Ah well...the discussions of Hemingway's life and works was worth it...I'll admit I skipped around and read the chapters about the books I've read...
He blistered MOVEABLE FEAST...I get it that the book was an apologist's look at his life and mistakes. That didn't bother me at all...But Baker had to point out every time Hemingway got mean to the people he cared about...
The discussion of SUN ALSO RISES helped me put the book into a new perspective, one that inspires me to reread it to look for the evidence he sets forth.
OLD MAN is my favorite book, and it seems as if Baker loves it as much as I...that chapter was lyrical and sensitive. Insightful.
His treatment of Hemingway's Nobel speech, his health issues and his death seemed rushed...not sure of the chronology between this book and the biography, but it seems like either a rushed recap or a rehearsal...not sure.
So, after I fought through his need to show me how smart he is, Baker DID help me understand Hemingway's work, and he made me want to read more.
I was expecting a biography. Although certain parts discuss his life, the majority of this is DEPP analysis of hemingway's work. All interesting, but if you're not super familiar with a particular work you'll find yourself skimming pages.
A well written and thorough critique and review of Hemingway's literary (and sometimes personal) experiences. Discusses his transpatriation to Europe, liaisons, benefactors, relationships and, most importantly, the growth and maturity of his literature.
Fantastic literary analysis with excellent biographical chapters. Apparently the author wrote a full on biography later that's supposedly not as well done.
For effort and dedication Baker deserves five stars. Unfortunately, I disagree with him on many issues, particularly what seems to be his central point, the ‘symbolism’ in Hemingway’s work.

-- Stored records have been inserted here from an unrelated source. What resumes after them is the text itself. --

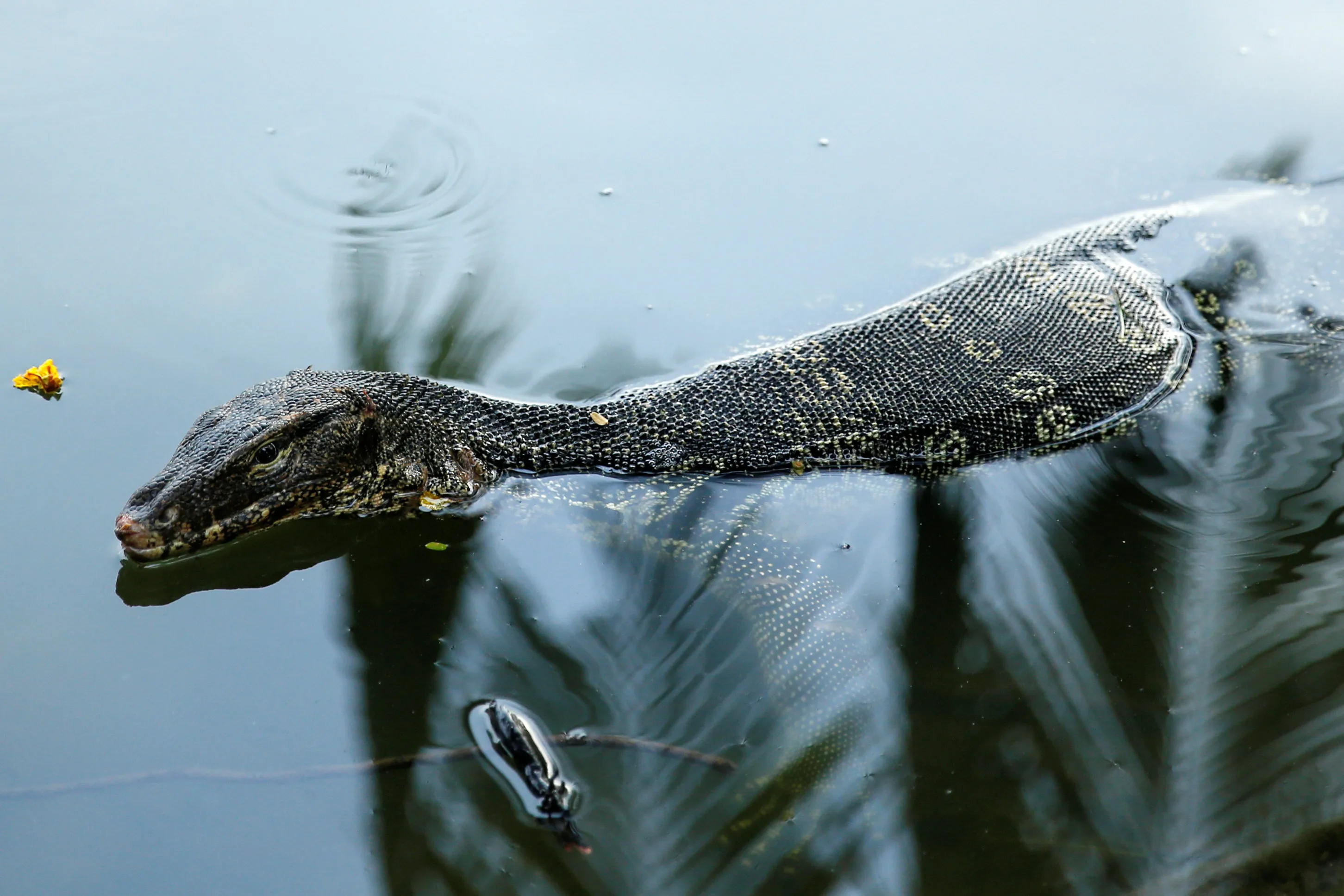 A monitor lizard swims at a lake at Lumpini park in Bangkok, Thailand, July 11, 2016. Picture taken July 11, 2016. (Photo by Jorge Silva/Reuters)
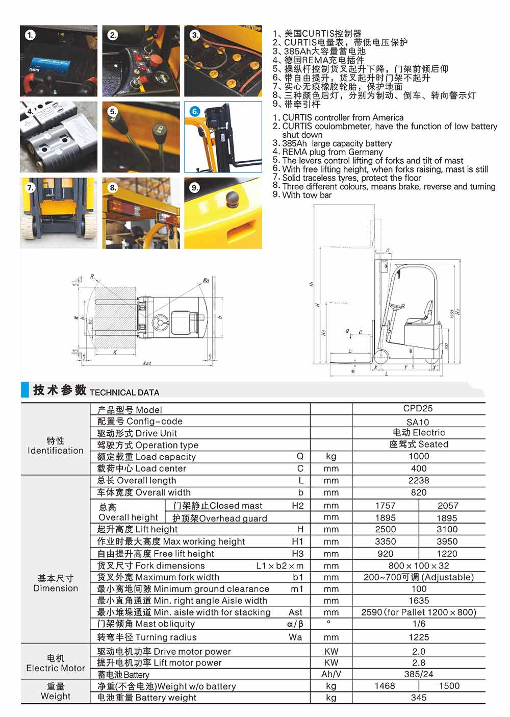CPDSA三支點(diǎn)電動(dòng)叉車1T
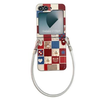 Θήκη κινητού τηλεφώνου πλήρους κάλυψης για Samsung Galaxy Z Flip5 με σχέδιο Λαττικού Μικρού Αρκούδου και λουρί καρπού (Ασημί)
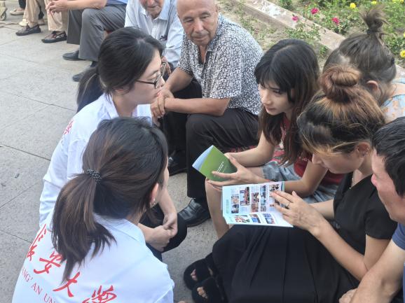 焉耆县作为多民族聚居地,语言交流在促进文化互鉴、社会和谐中发挥着关键作用。实践队通过政策宣讲、发放推普手册、趣味问答、舞蹈交流等多种形式,生动阐释了普通话作为国家通用语言的重要价值,即增进民族沟通的桥梁、传承文化基因的纽带、推动地区发展与融入国家发展大局的有力支撑。活动现场,各族群众积极参与,老少携手学习,从发音纠正到日常对话练习,互动场面热烈而温馨,展现了语言交流中加深情感联结的生动实践。
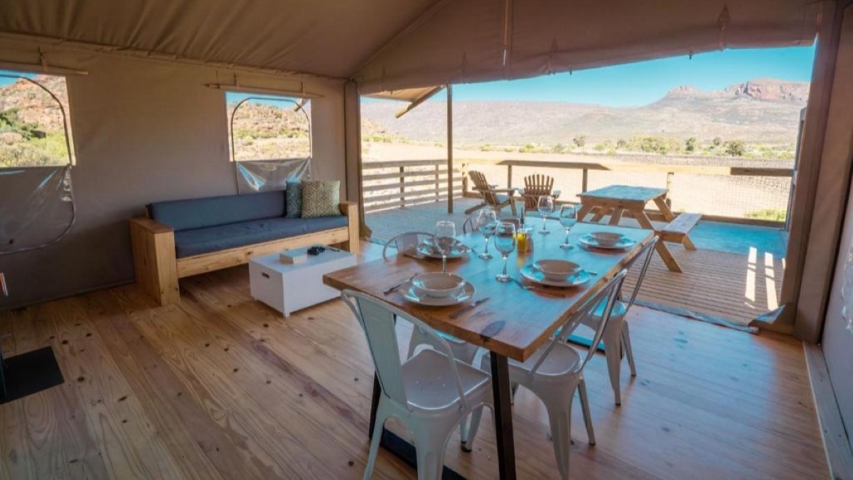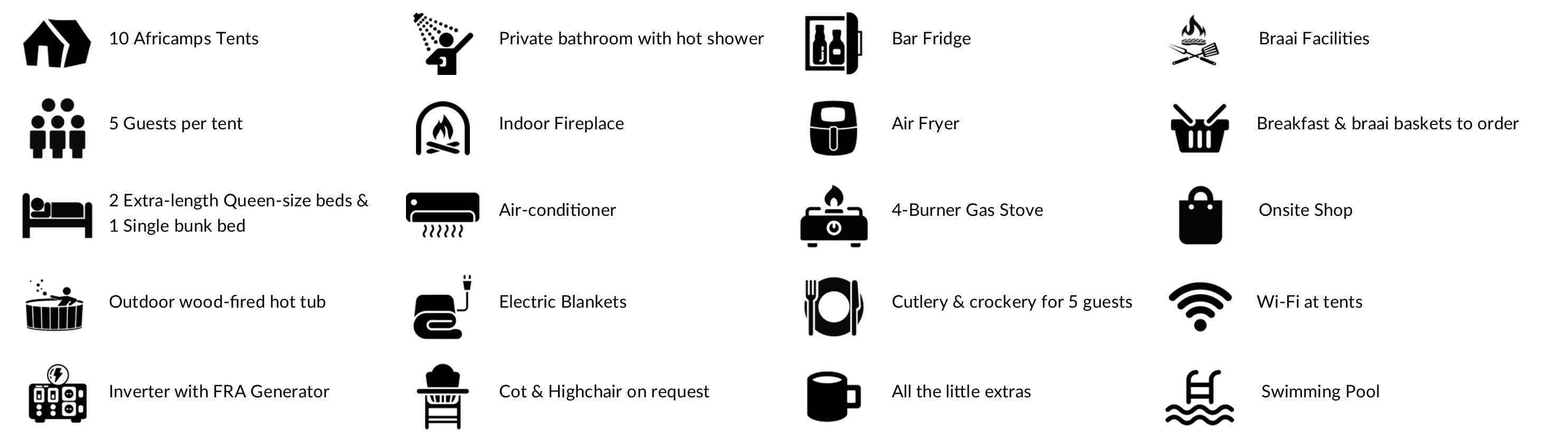 Experience the perfect blend of comfort and nature in one of AfriCamps’ ten fully furnished boutique glamping tents. Enjoy life’s little luxuries, including an indoor fireplace, a fully equipped open-plan kitchen, and a spacious living and dining area. Each tent features two separate bedrooms with extra-long queen-size beds, electric blankets, and a bathroom with a shower. Relax on the deck with an outdoor wood-fired hot tub, stay connected with Wi-Fi, and enjoy the comfort of air conditioning, all while immersing yourself in the beauty of nature.
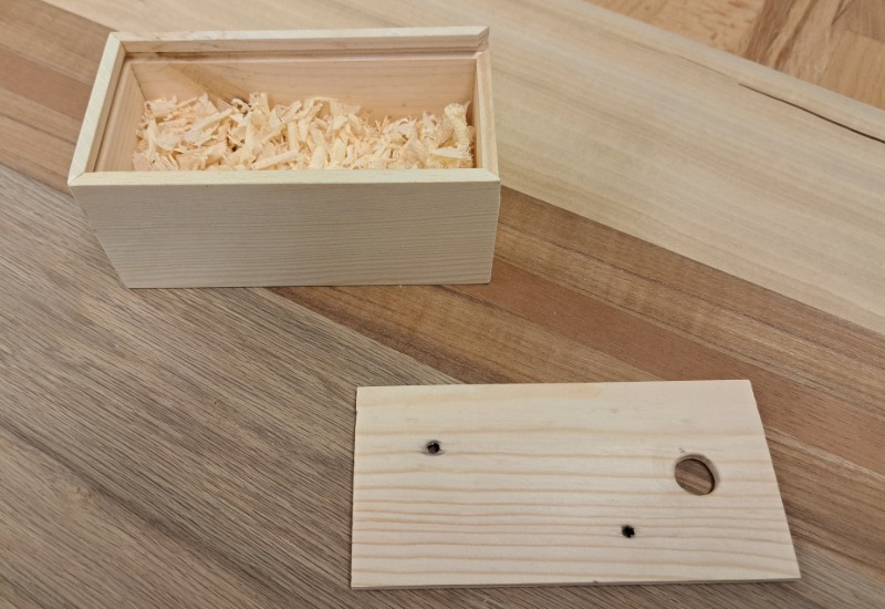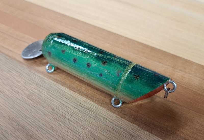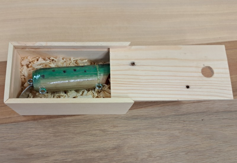 Vi säljer tre olika typer av fiskebeten som vi tillverkat ut av Ek till dom får man en låda som är tillverkad av återvunnen ut av gamla lastpallar.
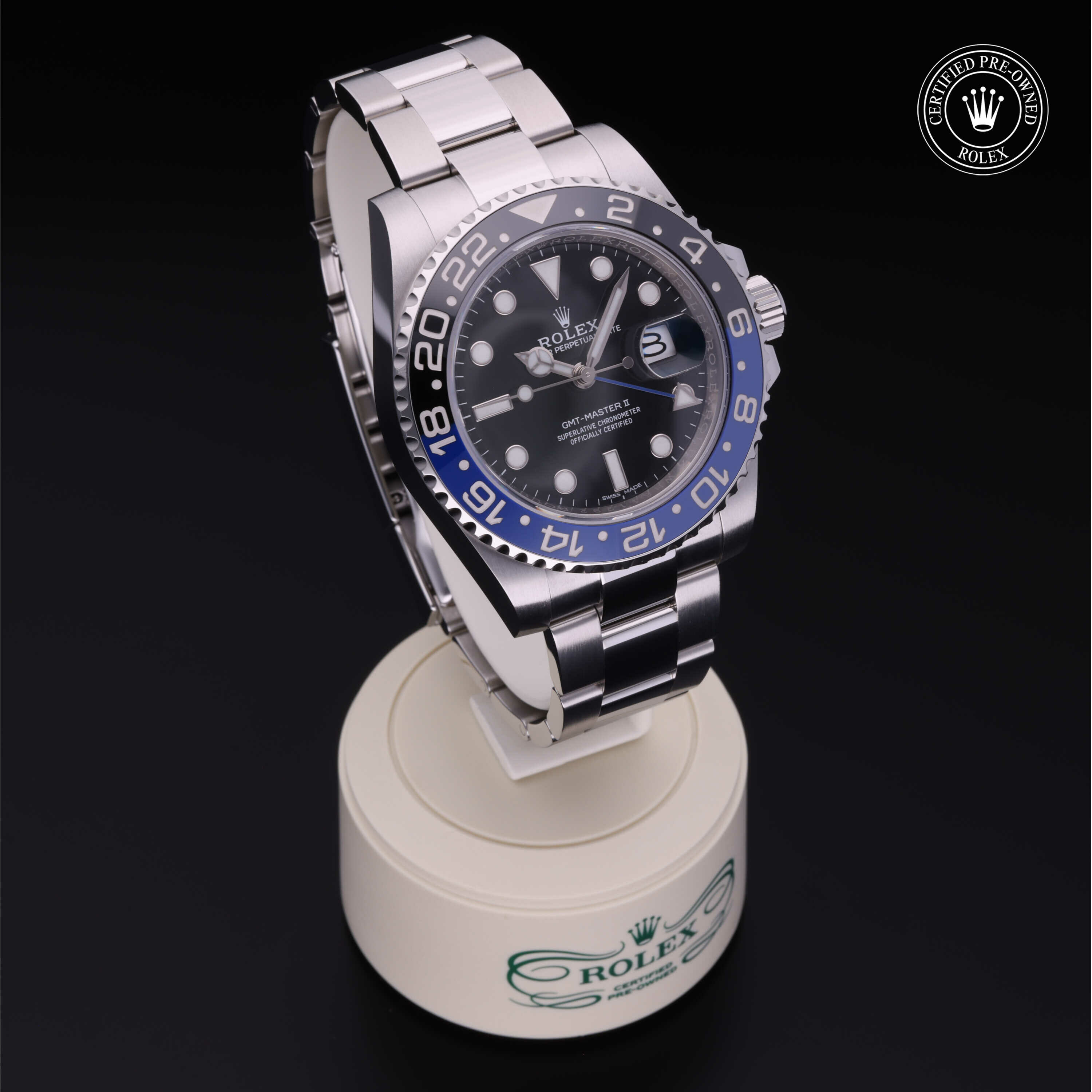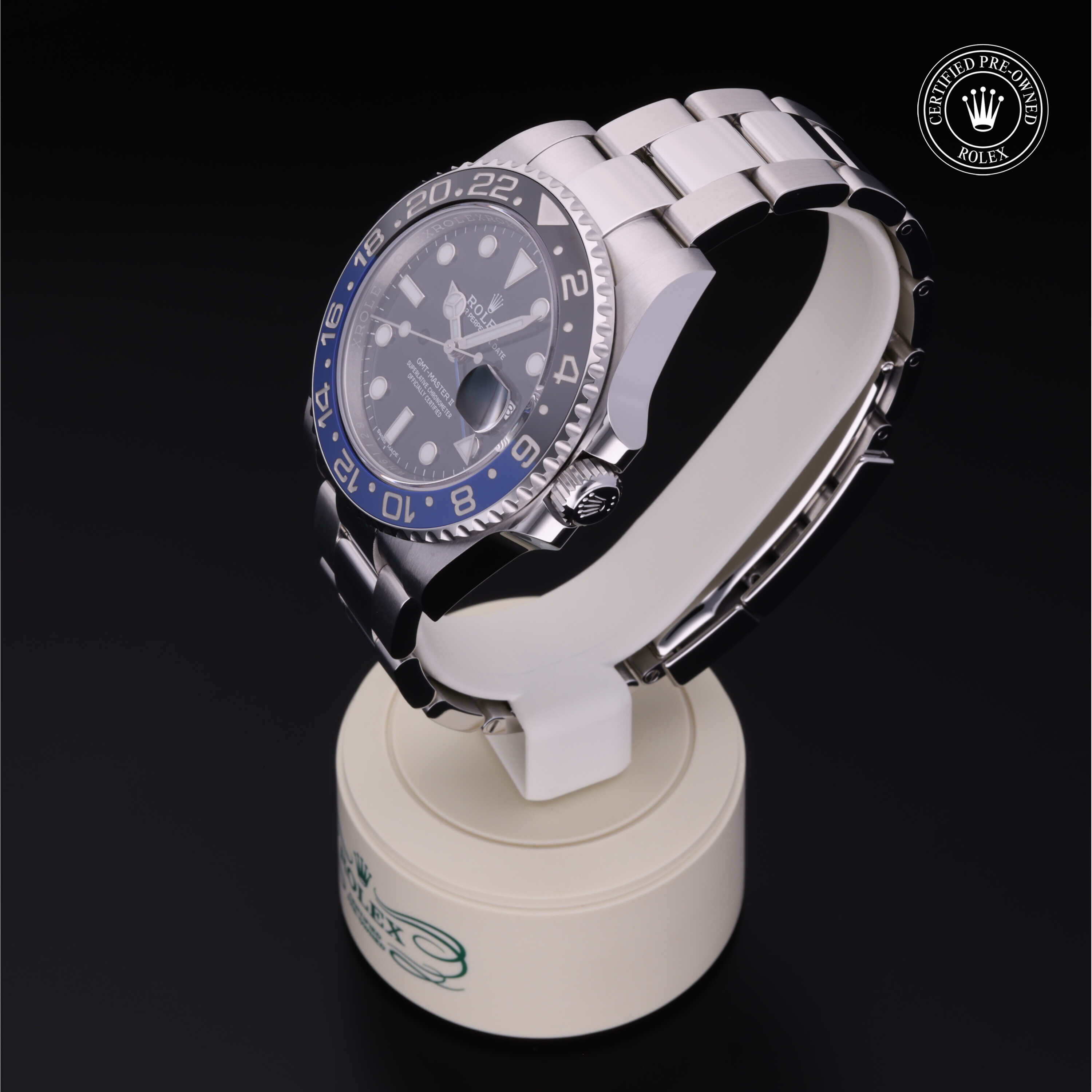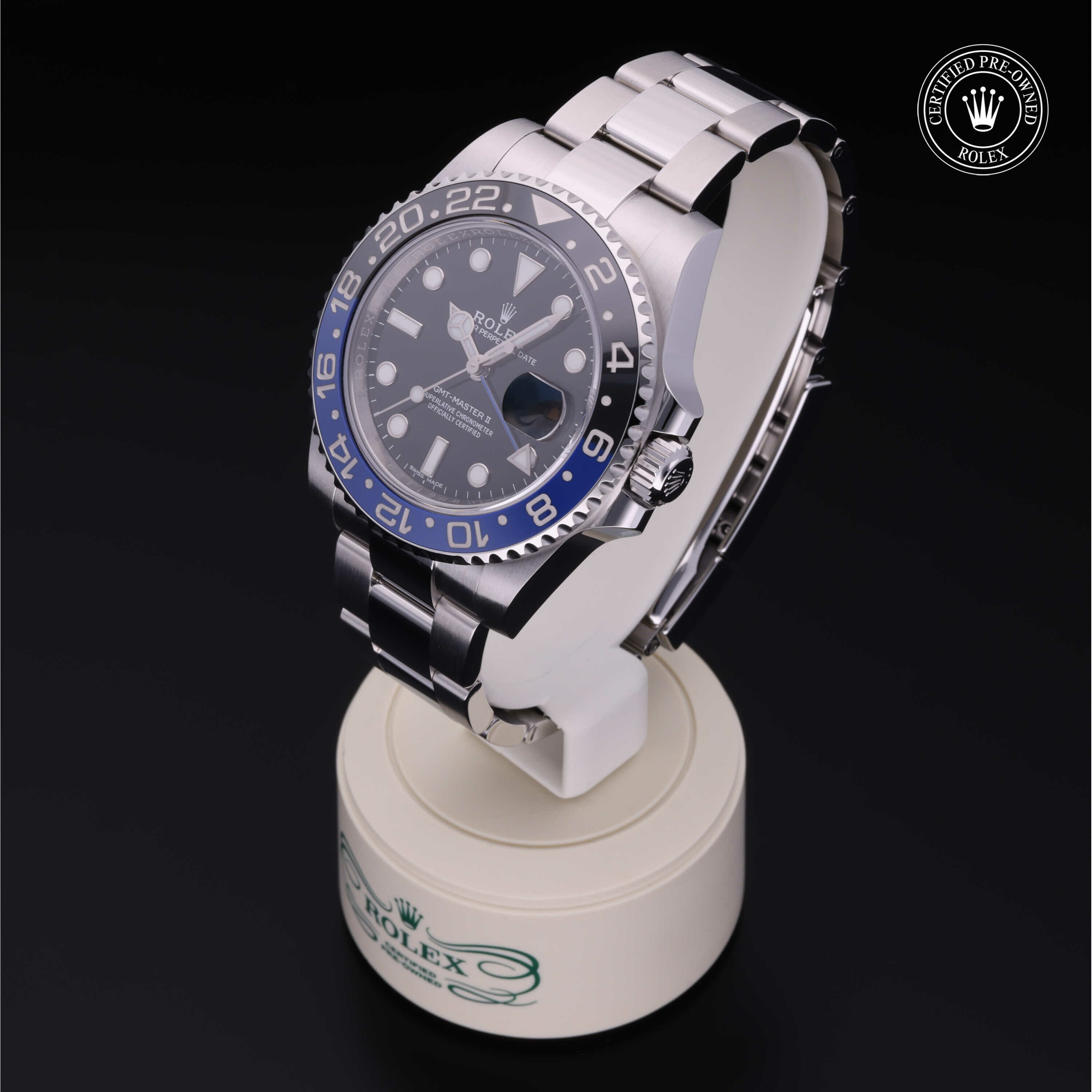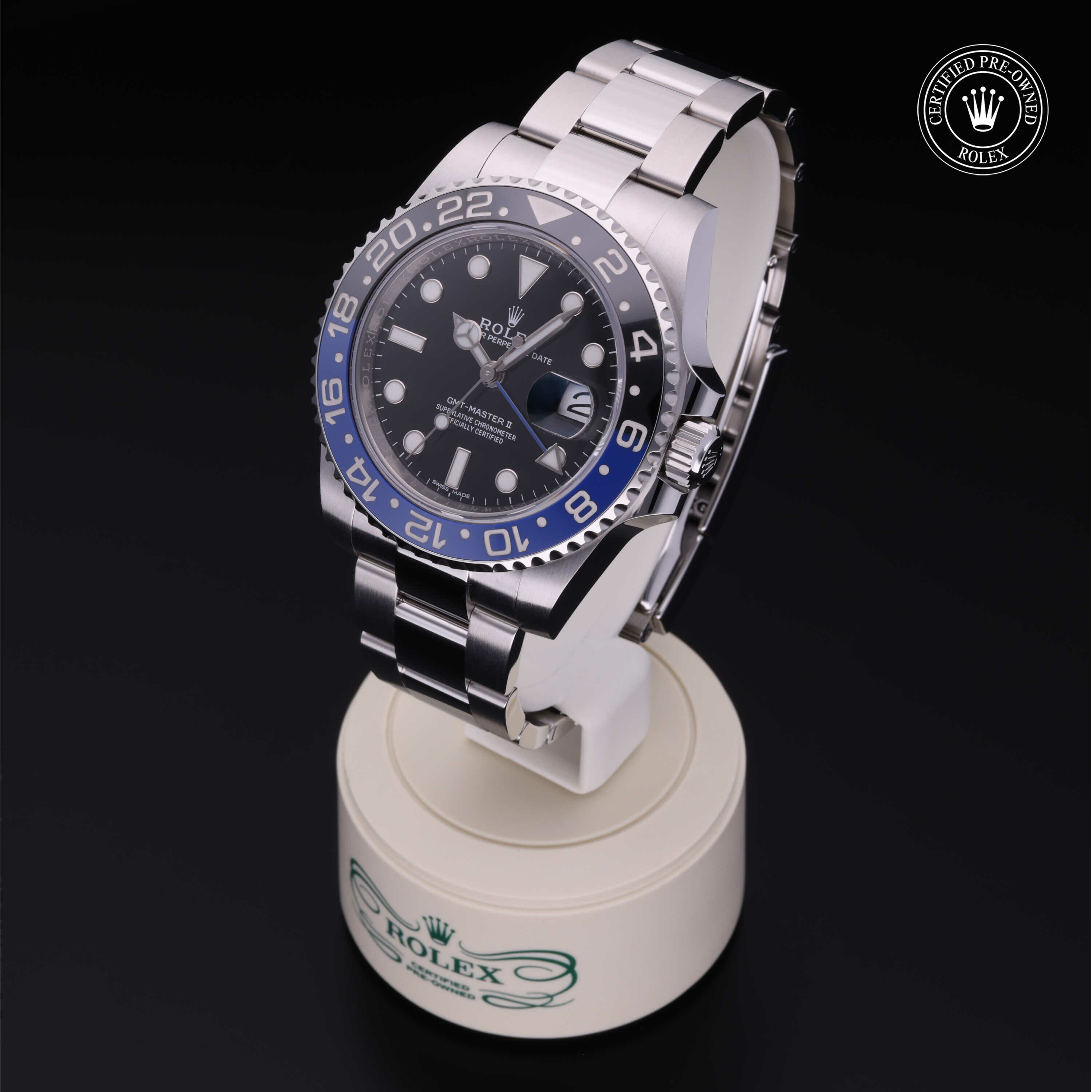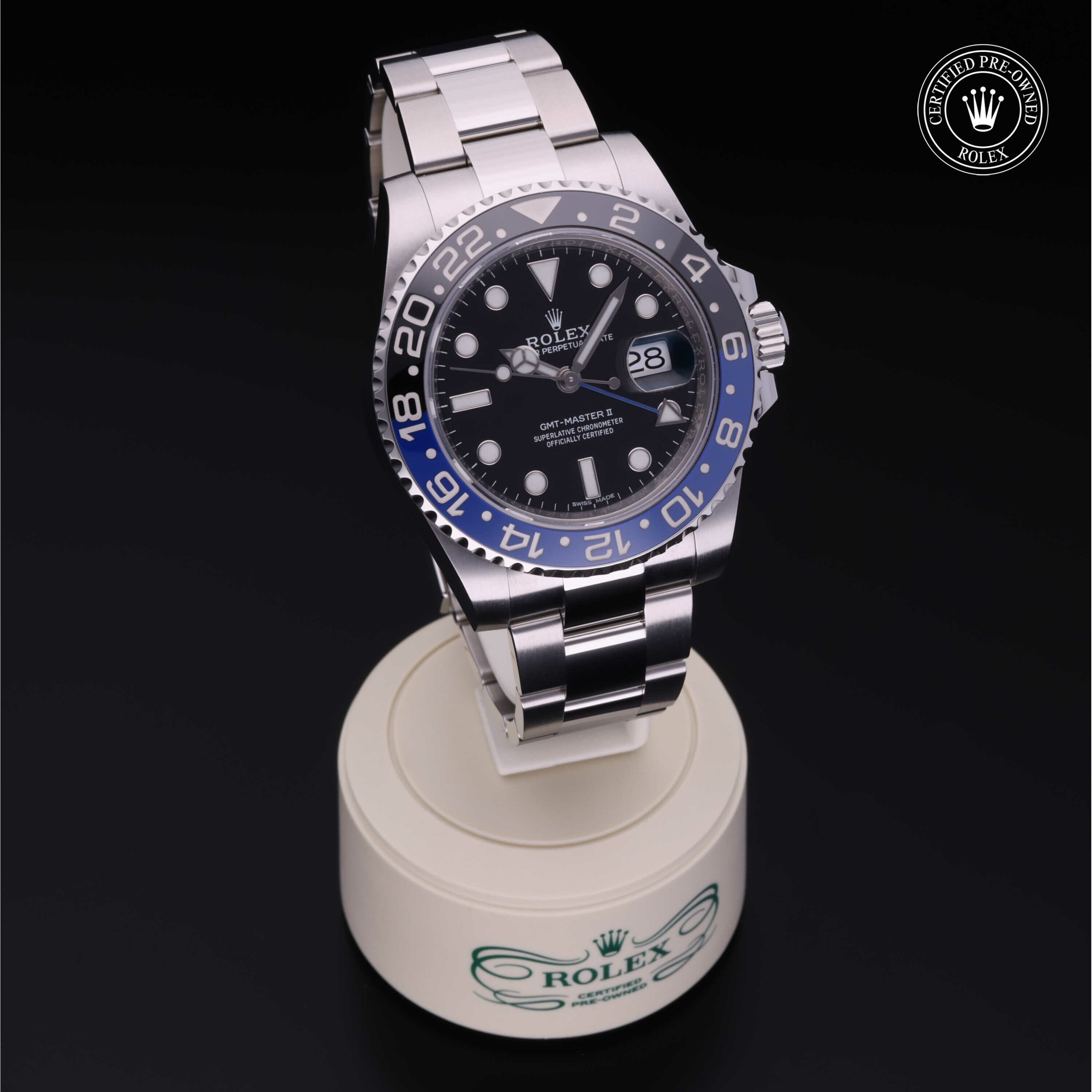 Présentée en 1982, lʼOyster Perpetual GMT‑Master II est dotée de l’emblématique disque de lunette bicolore – aujourd’hui façonné en céramique de haute technologie – et permet la lecture simultanée de l’heure de deux fuseaux horaires. Elle est l’héritière directe de la GMT‑Master d’origine lancée en 1955, qui a été rapidement adoptée par les pilotes transatlantiques comme un instrument d’aide à la navigation.

Yes, he is right, although he does over-egg his pudding badly, so that his conclusions are rather too rich for comfort. But he also seems to imbue that symbolism with far too much ‘significance’: once you have waded through his analyses - they are remarkably dense on occasion and demand ‘close reading’ (though not of the kind he tells us to adopt with Hemingway) - you ask yourself 'And? So what?'
One thing which works against him his an almost hagiographic zeal: he is so convinced that Hemingway was ‘an artist’ that you get the impression that anyone like me whose position is ‘yes, but not half as “great” an artist as was long made out’ he would simply regard as either mad or stubbornly contrarian.
Hemingway did have a certain way with words, but his strength was description, often description of nature, and his ability to convey the subtleties of human emotion and thinking was pretty threadbare. And that, in a ‘celebrated novelist’ is very bad news indeed. Furthermore, Hemingway's subject, was pretty much always Hemingway.
Although there are four editions of Baker’s book and he reports that he re-wrote several chapters an ‘corrected’ one or two errors, he did not correct enough of them. Even writing in the fourth edition he perpetuates Hemingway’s fiction that he ‘soldiered’ in WWI. Baker describes him as ‘a veteran’: well, he wasn’t at all in the sense that will be understood.
His total service consisted of two weeks driving an ambulance behind lines, two weeks manning a rest and recreation station serving coffee and handing out chocolate and cigarettes, and then - returned to duty after several month in hospital - he contradicted jaundice within days and was back in hospital. That was it. So much for ‘a veteran’.
On matters of error, Baker also gets very confused about the two African plane crashes. Hemingway and the others escaped almost unscathed from the first, but he sustained terrible injuries in a second the following day. Baker attributes those injuries to the first crash, even in the fourth edition. Such blunders do worry you a little.